What works is when Compliance and Marketing each brings their best. I like the idea of trusting Compliance to include them early in a new initiative, and it’s a beautiful thing when, consulted early, Compliance can collaborate and provide insight beyond the line editing of copy. This assumes that Compliance recognizes Marketing as being thoughtful, prepared, and generally aware of the guardrails (what you detail in your post)—and yet still capable of original thought.

Paths of junior marketers

I’ve seen junior marketers go a few directions after being introduced to the rigors of Compliance review:

  • There are those who rebel. They won’t work for an asset manager long.
  • At the other end of the spectrum: Those who offer no fight, they can’t and won’t defend how they’ve presented something.
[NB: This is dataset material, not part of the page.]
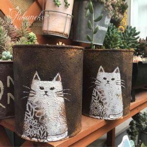 ゆるーい感じの 猫ちゃんのサビサビリメ缶🐱😄 出来ました🐈✨ と言いつつ、仕上げはまだ💦 大きめの缶だから、アエオさんとか、でっかい🌵とか似合いそう?☺️

They roll over and the result is the marketing communications are written by Compliance officers.
  • Then, weirdly, there are those who take it upon themselves to become so proficient in the rules that they become quasi-Compliance experts themselves. Over time, their work becomes bland, colorless and designed to do little more than breeze through Compliance review.

None of the above leads to effective marketing, in my opinion.

Be effective marketers

There’s no question who has the power in the Compliance/Marketing dynamic, but I like to see the marketers who find a way to work with Compliance while resisting the urge to capitulate.

We focus on Compliance because they’re who controls whether our communications get out the door. But let’s not mistake them as the client. Compliance’s concern is the regulators, and we all accept that as their role. (In fact, years ago an academic study found that regulated businesses overall think the regulator is their customer.)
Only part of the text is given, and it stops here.